- **The task**:
Write out all the data verbatim. Skip images.

- **Given material**:
============================================================
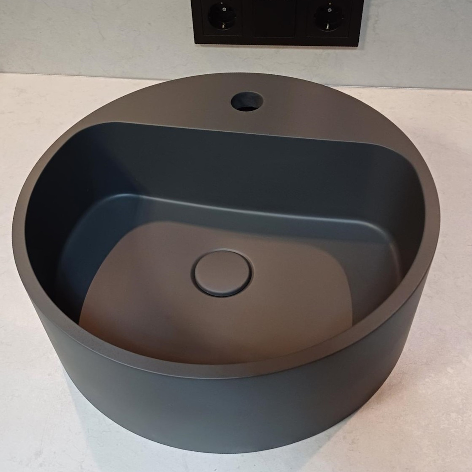 Met de Sanimex Crystal opbouw wastafel haalt u een mooie eyecatcher in huis. Deze wastafel heeft een unieke uitstraling dankzij de halfronde vorm. De wastafel is gemaakt van beton en heeft een grijze kleur in matte afwerking. Het heeft een breedte van 40 centimeter en is 14 centimeter hoog. Dit geeft u voldoende ruimte om uw handen met gemak te wassen. Bovendien zorgt de hoogte ervoor dat het meeste opspattende water netjes in de wasbak blijft. In het verhoogde deel van de wastafel zit een kraangat.
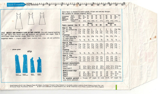 Style 3443 Womens EASY Slip or Dress in 2 Styles 1970s Vintage Sewing Pattern Bust 44 Inches
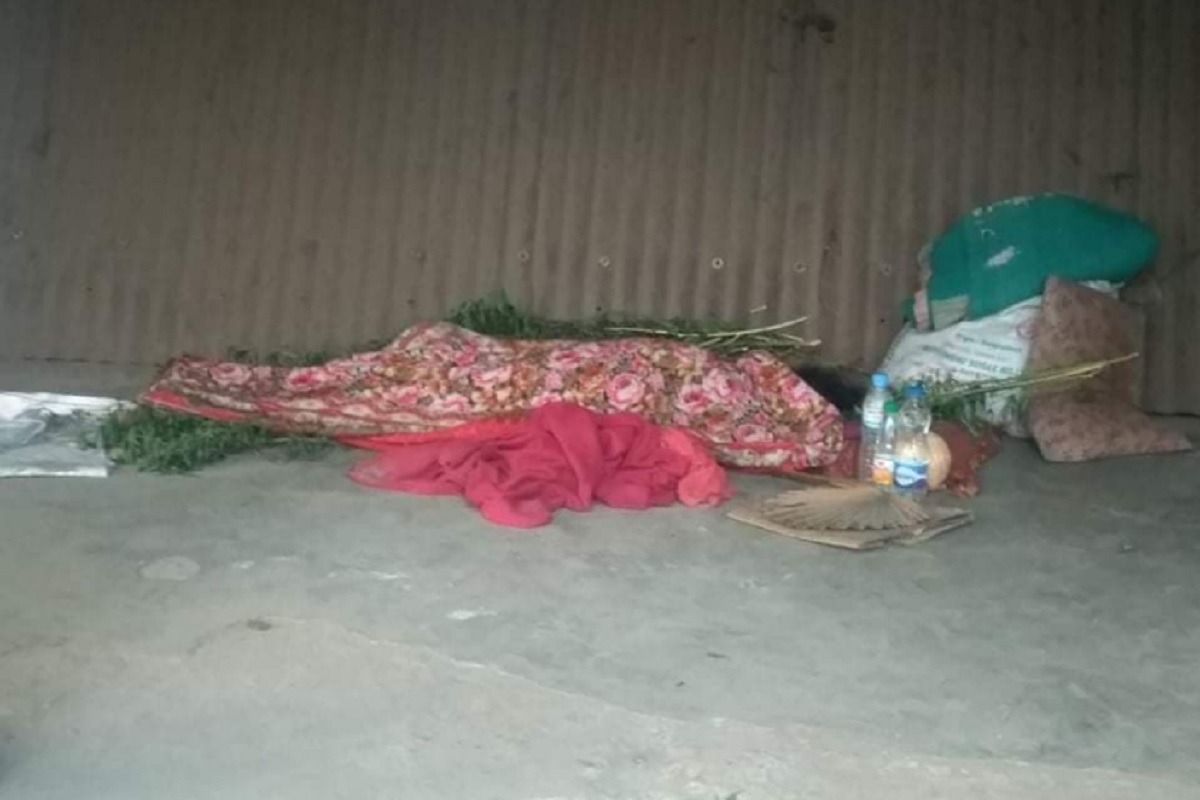 যাত্রী ছাউনিতে মারা যাওয়া অজ্ঞাত সেই বৃদ্ধার লাশ।
============================================================
- **Output of the exercise**:
 Met de Sanimex Crystal opbouw wastafel haalt u een mooie eyecatcher in huis. Deze wastafel heeft een unieke uitstraling dankzij de halfronde vorm. De wastafel is gemaakt van beton en heeft een grijze kleur in matte afwerking. Het heeft een breedte van 40 centimeter en is 14 centimeter hoog. Dit geeft u voldoende ruimte om uw handen met gemak te wassen. Bovendien zorgt de hoogte ervoor dat het meeste opspattende water netjes in de wasbak blijft. In het verhoogde deel van de wastafel zit een kraangat.
 Style 3443 Womens EASY Slip or Dress in 2 Styles 1970s Vintage Sewing Pattern Bust 44 Inches
 যাত্রী ছাউনিতে মারা যাওয়া অজ্ঞাত সেই বৃদ্ধার লাশ।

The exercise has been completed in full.